Emu: A near-infrared wide-field photometer for space

'Emu' is a compact wide-field photometer destined for a 6-month mission on the exterior of the International Space Station (ISS), commencing in 2021. Emu will undertake a sky survey in the 1.4 mu m 'water band', as a method of estimating oxygen abundance in the atmospheres of cool stars down to a magnitude of m(AB)approximate to 13 (H-band). The targeted band, which lies between the astronomical 'J' and 'H' bands, cannot be observed from Earth due to the effects of water in our own atmosphere, so a space-borne instrument is necessary. The ISS presents a novel platform for such an instrument, due to its precessing orbit that repeats every similar to 70 days. It follows that a high-speed imager with a similar to 0.9 degrees transverse field of view (FoV) toward zenith can map the entire sky without active pointing, while providing a generous (similar to 65%) overlap to allow for orbital drift and pointing disturbances.

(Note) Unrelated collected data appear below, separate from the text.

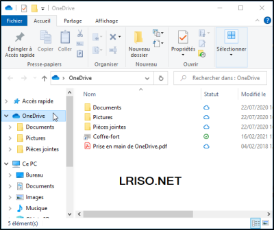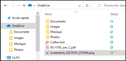 Un nouveau dossier OneDrive est créé sur votre disque dur. Réplique exacte et synchronisée de votre dossier OneDrive en ligne, vous allez pouvoir l'utiliser pour mettre vos fichiers sur OneDrive.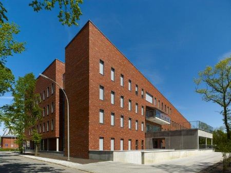 Een blik op de achterkant van De Vierde Wand. De schuin oplopende daklijn, de verticale raampartijen in de gevel en de karakteristieke roodbruine gevelsteen zorgen ervoor dat het nieuwe complex op architecturaal vlak aansluit bij de aanpalende historische bebouwing op de Evence Coppéeplaats.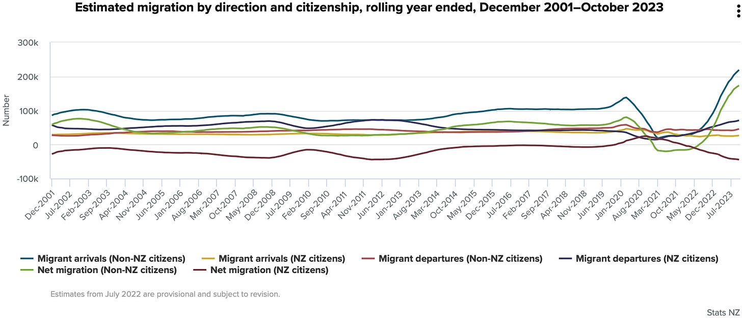 TL;DR: Net migration hit a record high 128,900 in the year to October, which the new Government has decided is “unsustainable” and requires a review of settings to ensure it is “balanced” with the economy’s skills needs and infrastructure capacity.
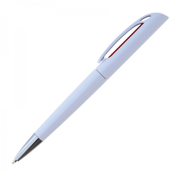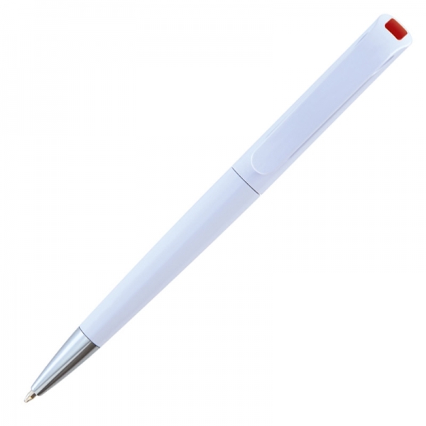 Biały długopis plastikowy z interesującym, kolorowym od spodu klipsem. Logotyp można umieścić na korpusie obok klipsa.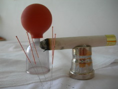 Bei der Akupunktur werden Nadeln an bestimmten Punkten des Körpers eingestochen, die dafür sorgen, dass der gestörte Harmoniefluss wieder hergestellt wird. Manchmal werden die Nadeln auch mit Moxazigarren erwärmt und Schröpfköpfe aufgesetzt. Neben der Akupunktur mit Nadeln setze ich auch einen Laser ein.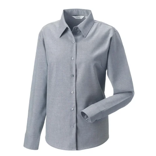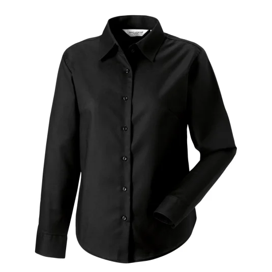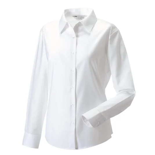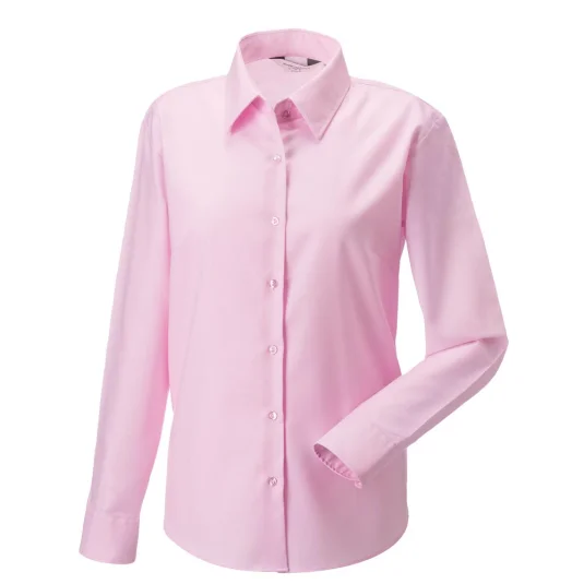 Langärmlige Damenbluse mit klassischem Kragen, Abnäher auf Brusthöhe und im Rücken für perfekte Passform, mit zwei Knöpfen verstellbare Manschette, abgerundeter Saum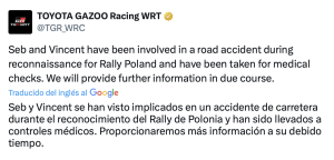 «Seb y Vincent se han visto implicados en un accidente de tráfico durante los reconocimientos del Rally de Polonia y han sido llevados a hacerse los chequeos médicos. Proporcionaremos más información a su debido tiempo», detalla el comunicado del equipo Toyota.

This scheme is a form of time-delay integration (TDI) imaging, with successive frames that are registered and stacked after readout. This demands that stars do not traverse more than one pixel per readout, to avoid smearing. These frames are then shifted, aligned and co-added to produce a continuous strip with an effective exposure of the time taken for a target to cross the entire array. Emu's speed and sensitivity requirements make conventional near-infrared detectors unsuitable due to their inherent readout noise. Hence, Emu will use a Leonardo 'SAPHIRA' linear-mode avalanche photodiode (LmAPD) array, providing a signal gain of up to 100x before readout, thus reducing the effective readout noise by the same factor.